Aku terkejut, tapi tidak menanyakan lebih lanjut apa maksudnya.
Selesailah perbincangan kami, dan saya lanjutkan pelajaran bahasa Inggris.
Begitu, Bu ceritanya. Dan kedatangan kami ini ingin menyerahkan lukisan yang Meime sukai kepada     Bapak dan Ibu sebagai kenang kenangan Meime dari kami.
“Oh, begitu?”’ jawab mama Meime.
“ Iya,Bu “, kataku menegaskan sambil mengangkat lukisan yang kami bawa dan menyerahkannya kepada
papa dan mama Meime.
Nampak dari raut muka mereka rasa haru, tapi tidak terucapkan selain kata terima kasih. Meime meninggal karena tertabrak  mobil di jalan raya tidak jauh dari rumahnya saat  ia pada suatu sore  bersepeda.
Berusaha merasakan apa yang mereka rasakan kami tidak banyak bicara.
Penyerahan lukisan kepada keluarga Meime adalah sebagai bentuk tebusan rasa bersalahku saat ia minta aku menggendongnya. Memang aku menolaknya  saat itu, karena aku benar benar  tidak akan kuat mengendong dia yang beratnya 60 kg ,sedangkan aku 50 kg.
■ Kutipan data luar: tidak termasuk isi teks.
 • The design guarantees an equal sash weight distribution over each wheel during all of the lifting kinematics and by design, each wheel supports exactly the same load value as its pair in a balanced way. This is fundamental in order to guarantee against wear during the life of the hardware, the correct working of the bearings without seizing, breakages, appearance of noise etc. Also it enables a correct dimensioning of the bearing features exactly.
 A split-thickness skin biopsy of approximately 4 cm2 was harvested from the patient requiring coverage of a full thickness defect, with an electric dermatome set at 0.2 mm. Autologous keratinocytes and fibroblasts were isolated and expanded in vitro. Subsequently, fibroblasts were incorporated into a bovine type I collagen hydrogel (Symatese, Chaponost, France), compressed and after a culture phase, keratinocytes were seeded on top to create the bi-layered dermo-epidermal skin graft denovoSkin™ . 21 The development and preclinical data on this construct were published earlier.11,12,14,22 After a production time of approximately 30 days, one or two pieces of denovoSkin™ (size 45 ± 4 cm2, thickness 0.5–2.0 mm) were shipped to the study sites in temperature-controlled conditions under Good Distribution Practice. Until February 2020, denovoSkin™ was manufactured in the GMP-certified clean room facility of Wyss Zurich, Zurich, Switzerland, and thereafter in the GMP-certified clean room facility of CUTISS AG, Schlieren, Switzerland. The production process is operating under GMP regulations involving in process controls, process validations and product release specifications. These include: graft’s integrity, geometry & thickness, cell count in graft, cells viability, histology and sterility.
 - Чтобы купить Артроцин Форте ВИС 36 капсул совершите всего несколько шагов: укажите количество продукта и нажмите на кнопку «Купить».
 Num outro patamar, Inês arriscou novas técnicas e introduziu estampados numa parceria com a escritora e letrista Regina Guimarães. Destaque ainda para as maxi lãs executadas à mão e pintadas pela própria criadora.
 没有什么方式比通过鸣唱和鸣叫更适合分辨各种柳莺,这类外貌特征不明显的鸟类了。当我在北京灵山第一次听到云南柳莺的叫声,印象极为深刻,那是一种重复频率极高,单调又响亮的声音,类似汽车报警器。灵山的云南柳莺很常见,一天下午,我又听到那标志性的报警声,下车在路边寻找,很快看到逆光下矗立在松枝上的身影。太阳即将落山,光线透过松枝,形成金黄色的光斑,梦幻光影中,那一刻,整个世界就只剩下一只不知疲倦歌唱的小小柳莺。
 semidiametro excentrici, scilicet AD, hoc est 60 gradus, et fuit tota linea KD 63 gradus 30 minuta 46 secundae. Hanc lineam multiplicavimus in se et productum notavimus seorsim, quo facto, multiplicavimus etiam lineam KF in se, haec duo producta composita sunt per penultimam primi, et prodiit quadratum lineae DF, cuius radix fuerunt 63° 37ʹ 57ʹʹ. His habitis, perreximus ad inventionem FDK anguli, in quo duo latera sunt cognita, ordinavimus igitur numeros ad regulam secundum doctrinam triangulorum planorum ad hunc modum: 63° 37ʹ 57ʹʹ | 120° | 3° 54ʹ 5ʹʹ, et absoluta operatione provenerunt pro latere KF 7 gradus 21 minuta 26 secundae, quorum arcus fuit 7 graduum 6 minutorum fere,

Semua telah berlalu menyisakan rasa kehilangan yang dalam dihatiku, karena ia sangat dekat denganku dan kepergiannya sangat mendadak 7 hari setelah perjumpaannya denganku di rumahku. Aku bertanya tanya sendiri ,apakah seseorang yang akan pergi meninggalkan orang orang yang dicintai di bumi ini berpamitan dengan cara cara semacam ini?
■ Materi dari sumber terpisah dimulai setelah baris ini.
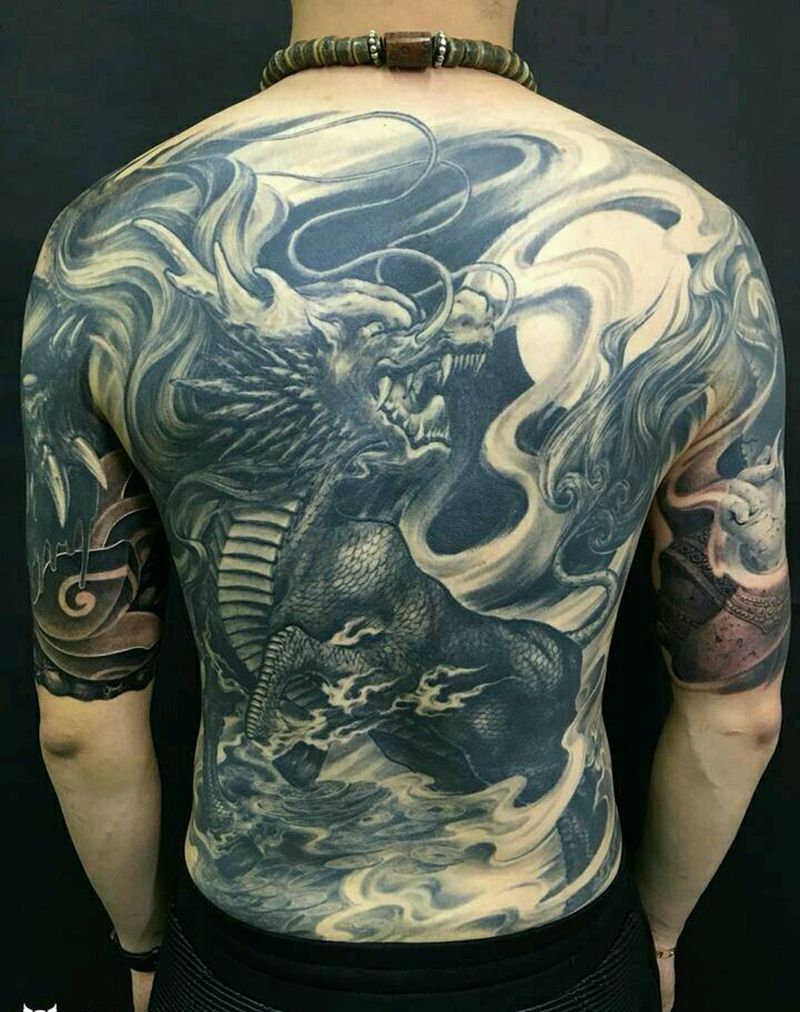 • T云龙九郎纹身图片_背部老传统云龙九郎纹身图案
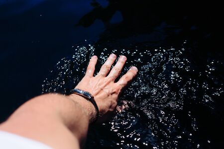 The girl's wet Hand is stroking the wave. Touching the river with the palm of your hand while walking along the embankment
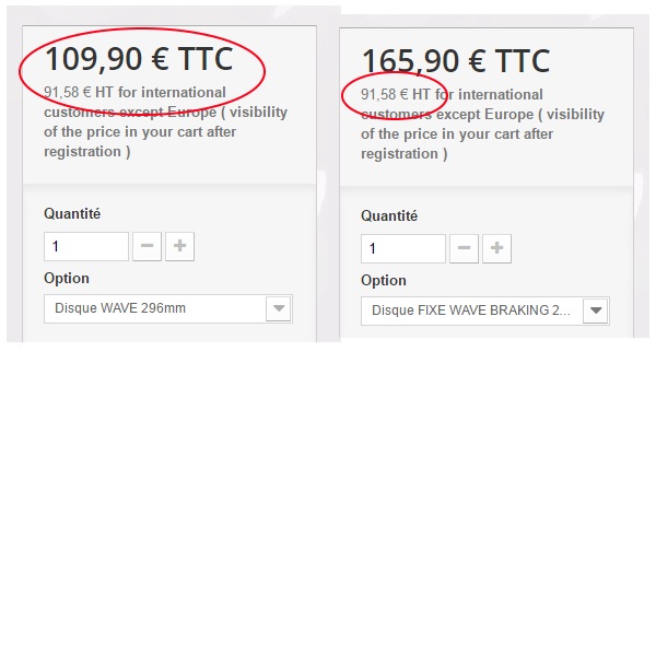 Jokeriders Posted October 24, 2016 Share Posted October 24, 2016 Bonjour, j'ai ajouter le montant HT sur mes fiches produits. seulement sur les fiches produits avec des déclinaisons à prix variable , le HT ne change pas . ex : produit A / déclinaison 1 = 100€ TTC ( affichage du HT à 83.33€ ) produit A / déclinaison 2 = 120€ TTC ( l'affichage du HT reste à 83.33€ ) voir image pour encore mieux comprendre . comment je pourrais faire en sorte que le HT soit recalculer en fonction du TTC reel ? merci . Link to comment Share on other sites More sharing options...
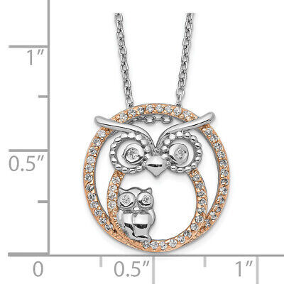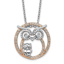 Cheryl M Silver and Rose Gold-plated Brilliant-cut CZ Owls Circle 18.25 Inch Ne
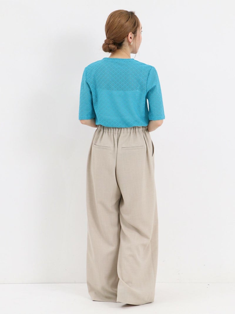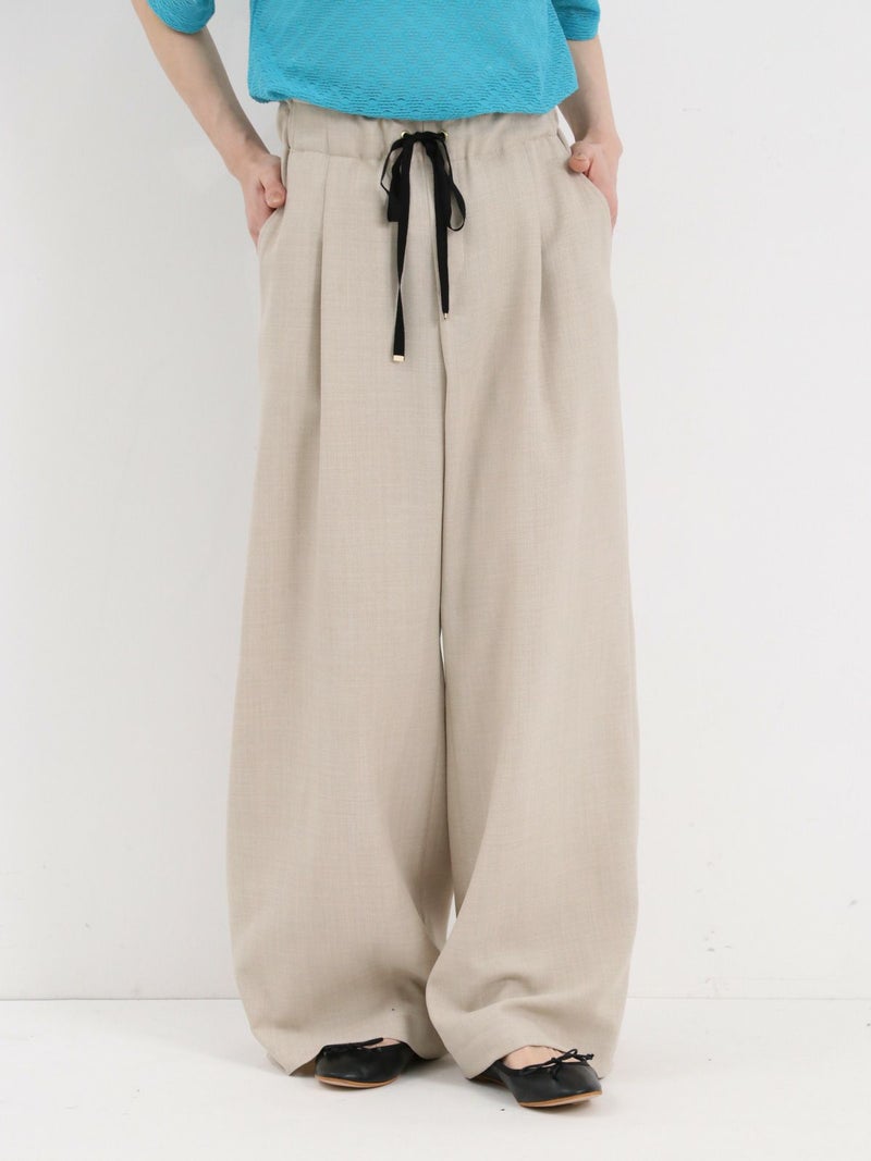 通気性、吸水性に優れたリネンライクのワイドパンツ。 脚のラインを拾わない広めのワイドシルエットです。スタイルアップして見える上品なパンツです。
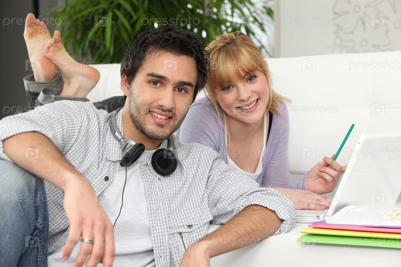 Пара с ноутбуком и наушниками
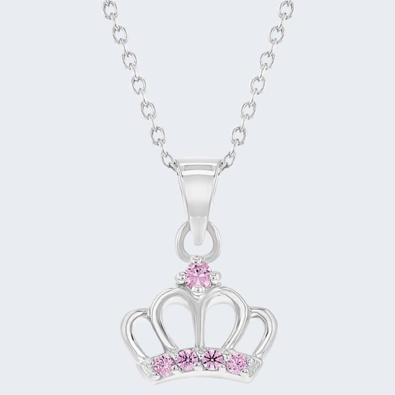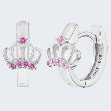 Set para niñas y adolescentes hecho con plata ley 925, en forma de corona de princesa con incrustaciones de zircones swarovski en corte redondo y color rosa
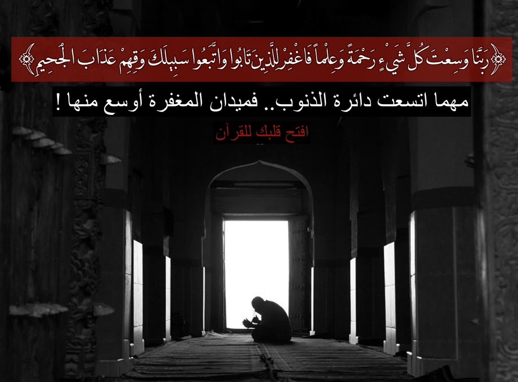 ﴿رَبَّنَا وَسِعْتَ كُلَّ شَيْءٍ رَّحْمَةً وَعِلْمًا فَاغْفِرْ لِلَّذِينَ تَابُوا وَاتَّبَعُوا سَبِيلَكَ وَقِهِمْ عَذَابَ الْجَحِيمِ﴾

Aku tak bisa menjawab dan tidak bertanya juga kepada orang tua Meime apakah mereka juga dipamiti Meime.Namun satu hal yang telah kulakukan dan tidak akan kusesalkan adalah selama dia belajar denganku aku telah melakukan tugasku sebagai gurunya, terbukti dia sangat maju pelajarannya dan aku sudah tunjukkan kepada orang tuanya bahwa Meime adalah seorang anak yang baik, ceria,pandai dan patut dikasihi oleh siapa saja, dan yang paling utama dia sangat dikasihi oleh Tuhan yang telah memberikan kebahagiaan surgawi.